Parallel Computing ( IF 1.4 ) Pub Date : 2020-07-24 , DOI: 10.1016/j.parco.2020.102669 Huan Zhou , José Gracia , Naweiluo Zhou , Ralf Schneider
The use of hybrid scheme combining the message passing programming models for inter-node parallelism and the shared memory programming models for node-level parallelism is widely spread. Existing extensive practices on hybrid Message Passing Interface (MPI) plus Open Multi-Processing (OpenMP) programming account for its popularity. Nevertheless, strong programming efforts are required to gain performance benefits from the MPI+OpenMP code. An emerging hybrid method that combines MPI and the MPI shared memory model (MPI+MPI) is promising. However, writing an efficient hybrid MPI+MPI program – especially when the collective communication operations are involved – is not to be taken for granted.

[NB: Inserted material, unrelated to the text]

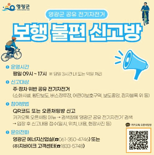 국민신문고나 콜센터를 통해 처리되던 민원 절차를 간소화하고, 군민 불편을 신속하게 해결하기 위해 ‘영광군 공유 전기자전거 보행 불편 신고방’을 개설했다.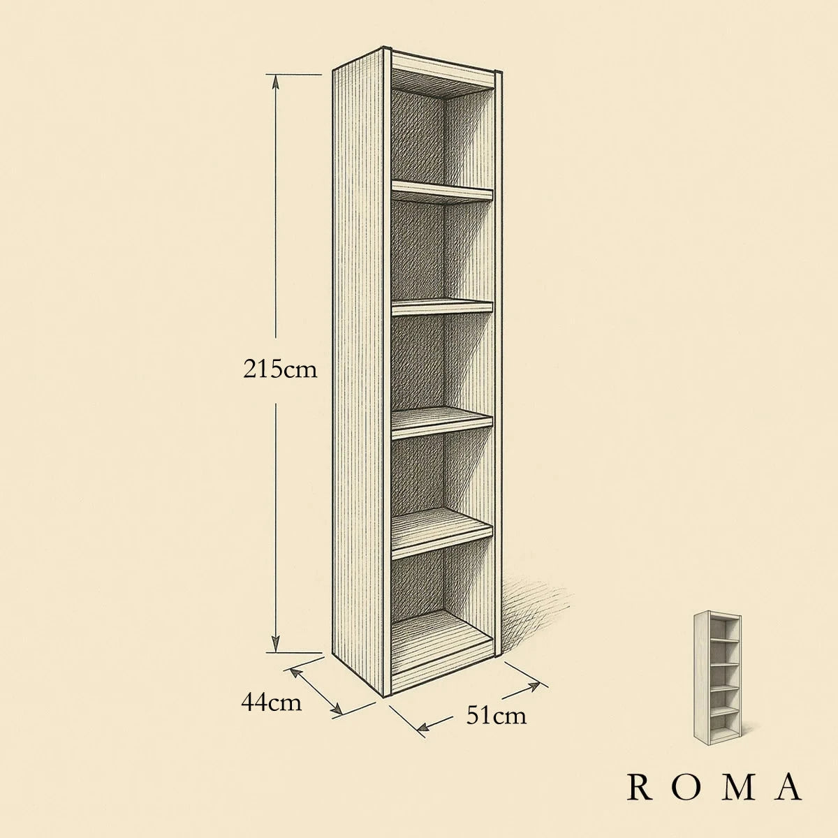 The Roma Single Shelving Unit is a refined tall-format storage piece designed for both home and professional interiors. Standing at 2150mm high and 510mm wide, it offers five evenly spaced shelves, each crafted from solid 38mm panels for a clean, architectural look. With a choice of MFC or lacquered finishes, the unit blends seamlessly into contemporary workspaces, studios and living areas.

In this paper, we propose a new design method to implement hybrid MPI+MPI context-based collective communication operations. Our method avoids on-node memory replications (on-node communication overheads) that are required by semantics in pure MPI. We also offer wrapper primitives hiding all the design details from users, which comes with practices on how to structure hybrid MPI+MPI code with these primitives. Further, the on-node synchronization scheme required by our method/collectives gets optimized. The micro-benchmarks show that our collectives are comparable or superior to those in pure MPI context. We have further validated the effectiveness of the hybrid MPI+MPI model (which uses our wrapper primitives) in three computational kernels, by comparison to the pure MPI and hybrid MPI+OpenMP models.
中文翻译:
MPI + MPI混合代码中的集体:设计,实践和性能
混合方案的使用广泛,它结合了用于节点间并行性的消息传递编程模型和用于节点级并行性的共享内存编程模型。混合消息传递接口(MPI)加上开放式多进程(OpenMP)编程的现有广泛实践说明了它的流行。但是,需要大量的编程工作才能从MPI + OpenMP代码获得性能收益。结合MPI和MPI共享内存模型(MPI + MPI)的新兴混合方法很有希望。但是,编写高效的MPI + MPI混合程序(尤其是涉及集体通信操作时)不应被认为是理所当然的。
在本文中,我们提出了一种新的设计方法来实现基于MPI + MPI上下文的混合式集体通信操作。我们的方法避免了纯MPI中语义所要求的节点上内存复制(节点上通信开销)。我们还提供了对用户隐藏所有设计细节的包装原语,并提供了如何使用这些原语构造MPI + MPI混合代码的实践。此外,我们的方法/集合所需的节点上同步方案得到了优化。微观基准表明,我们的集体与纯MPI环境下的集体具有可比性或优越性。通过与纯MPI和混合MPI + OpenMP模型进行比较,我们在三个计算内核中进一步验证了混合MPI + MPI模型(使用包装器原语)的有效性。